Step 3 — Set routing rules
The gateway supports three routing modes, controlled by the `LLM_ROUTING_MODE` env var:
- **`primary`** — Always use the highest-priority provider. Gemini never runs unless Claude is unreachable. Set `LLM_ROUTING_MODE=primary` (this is the default).
- **`failover`** — Try the primary provider. If it returns an error or times out within 10 seconds, automatically retry with the next provider. Set `LLM_ROUTING_MODE=failover`. This is the recommended mode for production — you get Claude quality by default with Gemini as a safety net.
- **`cost_optimized`** — Route based on estimated cost per request. Vision requests with images under 1MB go to Gemini (cheaper). Larger or more complex requests go to Claude.
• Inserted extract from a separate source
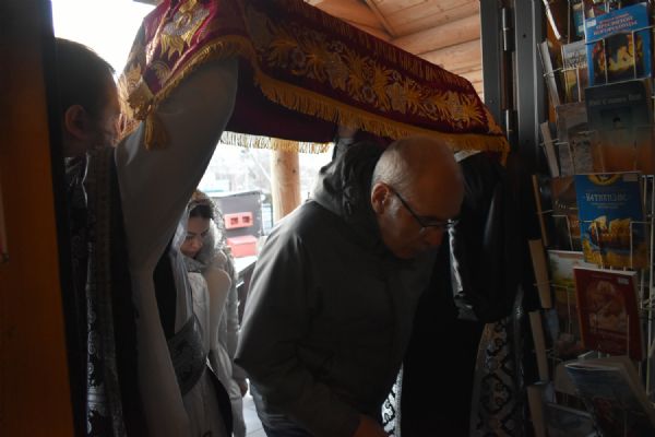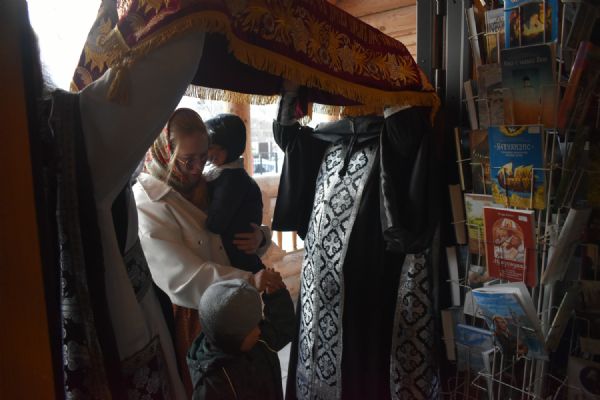 11 и 12 апреля священнослужители храма во имя святого великомученика Георгия Победоносца освящали крашеные яйца, пасхи и куличи, а также прочие праздничные снеди.

Set `LLM_ROUTING_MODE=cost_optimized`.
For calorie scanning specifically, you can also override the provider per-tool. In `tool_executor.py`, the `calorie_scan` tool accepts an optional `provider` field that bypasses the global routing mode. This lets you A/B test providers without changing the global config.
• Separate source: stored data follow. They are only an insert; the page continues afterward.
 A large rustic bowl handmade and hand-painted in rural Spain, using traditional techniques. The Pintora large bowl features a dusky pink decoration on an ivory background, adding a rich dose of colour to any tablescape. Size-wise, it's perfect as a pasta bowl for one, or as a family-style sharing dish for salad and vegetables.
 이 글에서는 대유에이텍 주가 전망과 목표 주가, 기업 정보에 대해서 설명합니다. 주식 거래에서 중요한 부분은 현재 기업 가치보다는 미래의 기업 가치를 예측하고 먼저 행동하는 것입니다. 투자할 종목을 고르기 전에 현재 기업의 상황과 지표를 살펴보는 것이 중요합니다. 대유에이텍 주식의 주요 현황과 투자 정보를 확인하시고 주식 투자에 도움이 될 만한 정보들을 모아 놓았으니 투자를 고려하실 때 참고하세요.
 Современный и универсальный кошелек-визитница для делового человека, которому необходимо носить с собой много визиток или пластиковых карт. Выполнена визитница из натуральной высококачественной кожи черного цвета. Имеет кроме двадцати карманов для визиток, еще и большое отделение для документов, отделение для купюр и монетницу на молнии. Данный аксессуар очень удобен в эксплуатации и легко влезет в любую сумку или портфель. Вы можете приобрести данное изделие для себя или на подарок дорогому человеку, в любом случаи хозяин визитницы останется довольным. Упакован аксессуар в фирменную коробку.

Step 4 — Test with a food photo
Send a test scan through the API:
curl -X POST https://localhost:8000/api/calorie-scan \
-H "Authorization: Bearer $AGNT_TOKEN" \
-F "image=@test-food.jpg"The response includes a `provider` field showing which model processed the image. Verify Gemini handles it by temporarily setting its priority to 1, or by using the `?provider=gemini` query parameter to force routing.
Compare the output between Claude and Gemini for the same image. Both should return the same JSON shape (`{calories, protein_g, carbs_g, fat_g, fiber_g, items: [...]}`) because the gateway normalizes the response format. The actual numbers may differ slightly — each model has its own estimation biases. For most food photos, the variance is under 10%.
Why this matters
Multi-model routing means no single-provider dependency. If Claude has an outage at dinner time — peak calorie scanning hours — your users don't notice because Gemini picks up the load automatically. The gateway handles the failover, logs the switch, and the food diary entry looks identical.
Gemini Vision also excels at certain food categories. In our testing, it's notably better at Southeast Asian dishes (nasi goreng, rendang, soto) where the visual complexity is high and Western-trained models sometimes misidentify ingredients. Running both providers and comparing gives you data on where each model is strongest.
The deeper principle: AGNT's gateway abstracts the provider. The calorie scan tool doesn't know or care which model answered. The user's food diary doesn't know. The daily summary doesn't know. This is the right abstraction boundary — model choice is an infrastructure decision, not a product decision.